To do »
Transcribe the listing word for word. Begin at its first line and end with the line containing "- Соб. корр.".

Dataset section »
-=-=-
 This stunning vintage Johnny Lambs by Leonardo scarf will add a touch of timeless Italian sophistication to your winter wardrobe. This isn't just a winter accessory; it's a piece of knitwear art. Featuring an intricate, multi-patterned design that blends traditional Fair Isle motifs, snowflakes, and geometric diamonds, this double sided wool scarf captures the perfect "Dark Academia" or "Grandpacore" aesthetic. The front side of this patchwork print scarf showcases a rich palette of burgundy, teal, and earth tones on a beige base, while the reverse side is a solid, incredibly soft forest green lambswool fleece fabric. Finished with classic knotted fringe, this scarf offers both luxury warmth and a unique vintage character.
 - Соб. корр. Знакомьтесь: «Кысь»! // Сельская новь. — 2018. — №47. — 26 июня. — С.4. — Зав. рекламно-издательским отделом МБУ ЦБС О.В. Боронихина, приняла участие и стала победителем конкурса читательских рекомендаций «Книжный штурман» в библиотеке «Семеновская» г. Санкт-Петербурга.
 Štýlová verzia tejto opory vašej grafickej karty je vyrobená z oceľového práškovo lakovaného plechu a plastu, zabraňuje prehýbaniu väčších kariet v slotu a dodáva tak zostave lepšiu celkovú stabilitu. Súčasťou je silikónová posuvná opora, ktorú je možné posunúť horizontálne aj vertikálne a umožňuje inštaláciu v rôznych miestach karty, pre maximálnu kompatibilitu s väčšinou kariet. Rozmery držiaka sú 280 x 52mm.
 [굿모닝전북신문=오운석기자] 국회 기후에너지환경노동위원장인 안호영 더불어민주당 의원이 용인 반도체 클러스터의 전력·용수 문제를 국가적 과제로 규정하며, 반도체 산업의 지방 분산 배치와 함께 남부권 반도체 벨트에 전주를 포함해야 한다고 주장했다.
-=-=-
Output »
 This stunning vintage Johnny Lambs by Leonardo scarf will add a touch of timeless Italian sophistication to your winter wardrobe. This isn't just a winter accessory; it's a piece of knitwear art. Featuring an intricate, multi-patterned design that blends traditional Fair Isle motifs, snowflakes, and geometric diamonds, this double sided wool scarf captures the perfect "Dark Academia" or "Grandpacore" aesthetic. The front side of this patchwork print scarf showcases a rich palette of burgundy, teal, and earth tones on a beige base, while the reverse side is a solid, incredibly soft forest green lambswool fleece fabric. Finished with classic knotted fringe, this scarf offers both luxury warmth and a unique vintage character.
 - Соб. корр. Знакомьтесь: «Кысь»! // Сельская новь. — 2018. — №47. — 26 июня. — С.4. — Зав. рекламно-издательским отделом МБУ ЦБС О.В. Боронихина, приняла участие и стала победителем конкурса читательских рекомендаций «Книжный штурман» в библиотеке «Семеновская» г. Санкт-Петербурга.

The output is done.